Additional experiments were conducted in a self-designed batch reactor. The reactor was equipped with a hydrogen inlet by which the reaction pressure was adjusted. A heating jacket provided the necessary heat, while there was no cooling option. The hydrogen was dispersed into the liquid phase with a self-priming stirrer operated at 800 min−1. Liquid samples were taken after specific time intervals and analyzed offline using the Agilent 7890A GC as described above. A model mixture of 27.1 wt.% toluene, 31.2 wt.% xylene isomers, 35.3 wt.% 1, 2, 4-trimethylbenzene and 6.3 wt.% 1, 2, 4, 5-tetramethlybenzene was used as feed. For each experiment, 0.3 g catalyst with a particle size distribution of 20–63 μm was added to 70 g of feed.

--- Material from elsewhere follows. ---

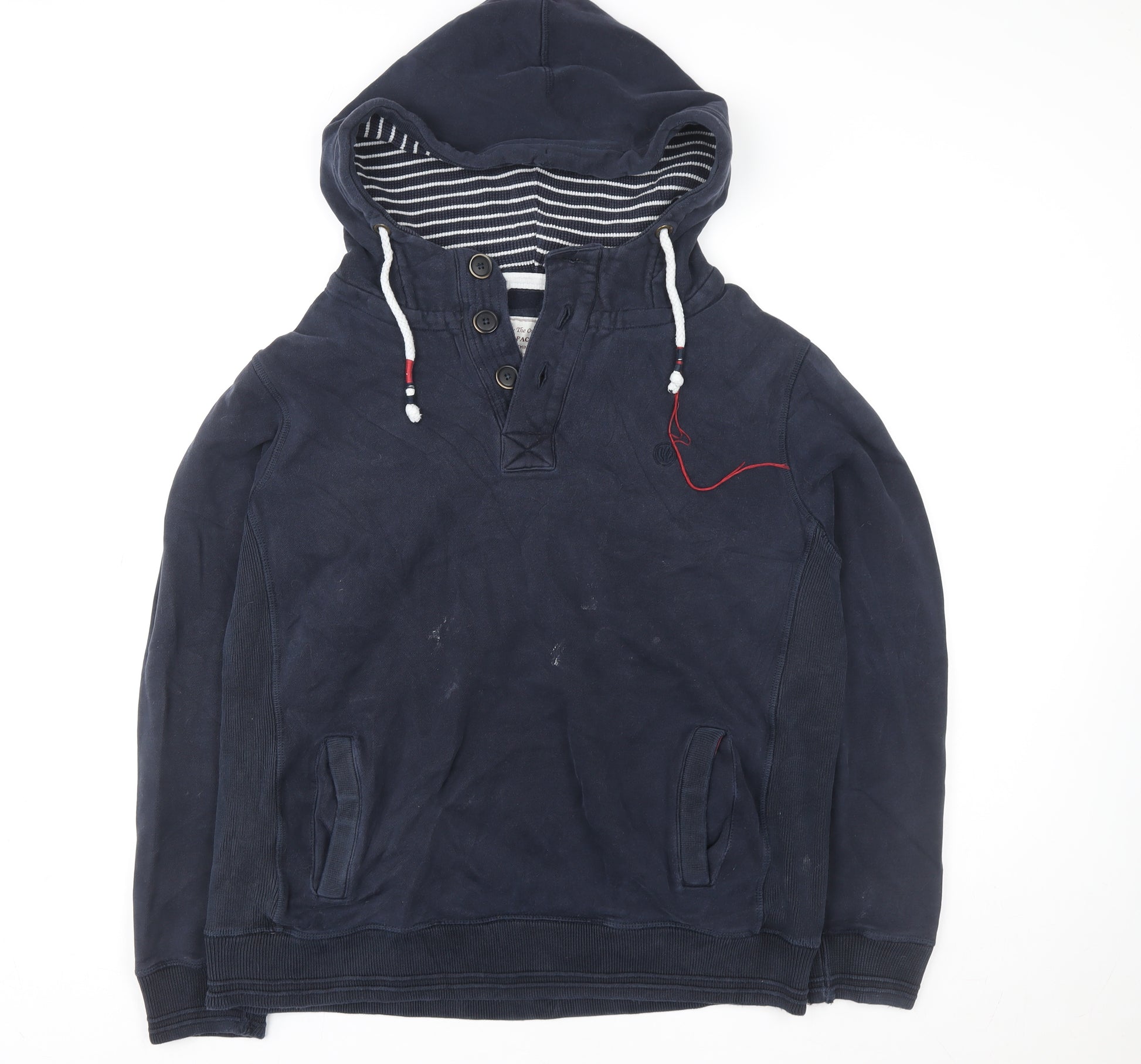 Navy Cotton Henley Hoodie XL Unisex Adults Casual Hooded Sweatshirt

All measurements were repeated whenever possible and statistically evaluated according to the student’s t-distribution, assuming a 95% confidence interval.

4  Results

4.1 Adjustment of Petrochemical Parameters

As shown in Fig. 5, several gasoline qualities were produced by HP bioliq® heavy gasoline with a fixed bed reactor to investigate how the petrochemical parameters can be adjusted. Fig. 5a shows the heavy gasoline stored at approx. 20°C (left) and 0°C (right). A representative product fraction after HP can be seen in Fig. 5b. Comparing Figs. 5a and 5b qualitatively shows the effect of HP the heavy gasoline. While the durene forms crystals in the heavy gasoline at 0°C there is nothing such observed after HP.

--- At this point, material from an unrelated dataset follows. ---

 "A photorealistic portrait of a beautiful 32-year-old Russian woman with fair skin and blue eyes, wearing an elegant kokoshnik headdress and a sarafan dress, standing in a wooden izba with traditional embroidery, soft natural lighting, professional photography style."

Figure 5: (a) bioliq® heavy gasoline, (b) product after HP with Pt/HZSM-5 (p = 50 bar, T = 270°C and WHSV = 1.39 h−1) and (c) bioliq® blend as discussed in the blending section, stored at temperatures as indicated in the respective image

For each experiment, a target temperature Ttarget for the catalyst bed was set. Due to the exothermic nature of the hydrogenation reaction, it was not possible to provide fully isothermal conditions. TFB,min and TFB,max are the minimum and maximum temperatures measured in the fixed bed and provided in the Appendix, if measured. As explained in the theoretical part on HP, cracking reactions lead to the formation of gaseous products, which reduces the yield of products in the boiling range of gasoline. The decision for a particular operating point is therefore not based solely on the maximum achievable quality of the product, but requires a comparison to the gasoline yield as defined by Eq. (4).

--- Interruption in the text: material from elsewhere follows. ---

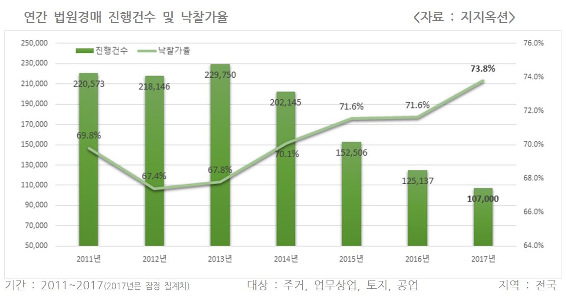 26일 지지옥션에 따르면 2017년 경매 진행건수는 10만7000여 건, 평균낙찰가율은 73.8%로 나타났다. 진행건수는 2014년 이후 4년째 갱신된 역대 최저치이며, 평균낙찰가율은 2012년 67.4%로 저점을 찍은 이후 6년째 상승을 이어가고 있다. 특히 올해는 역대 최고치인 2007년의 72.6%를 넘어서 처음으로 74% 낙찰가율을 기록했다.

YGasoline=m˙Gasolinem˙Feed(4)

Therefore, the petrochemical parameters to be optimized are discussed as a function of the gasoline yield. The pressures for the experiments were set to achieve an almost complete conversion of the aromatics. Table 3 shows the parameter ranges investigated for each catalyst. The Pt/HZSM-5 catalyst exhibited the highest hydrogenation activity, based on the applied pressures. An almost complete conversion of aromatics was achieved at a pressure of 50 bar.

For the other catalysts Pt/SAPO-11 and Pt/Mordenite, a pressure of up to 90 bar was required. Due to equilibrium limitations at temperatures of ≥310°C, the WHSV had to be additionally reduced from 1.39 h−1 to 0.88 h−1 for Pt/SAPO-11. Data obtained from the CFR motor experiments and FTIR measurements are used for evaluating the MON and RON. The standard deviation of ±4 for RON-FTIR measurements is considered too high. Therefore, these data are not used in this study, and no RON values can be reported for experiments with Pt/SAPO-11 since no CFR measurements were performed. The octane numbers measured in this study, as a function of various parameters, are displayed in Fig. 6. Fig. 6a shows the MON and RON as a function of the gasoline yield.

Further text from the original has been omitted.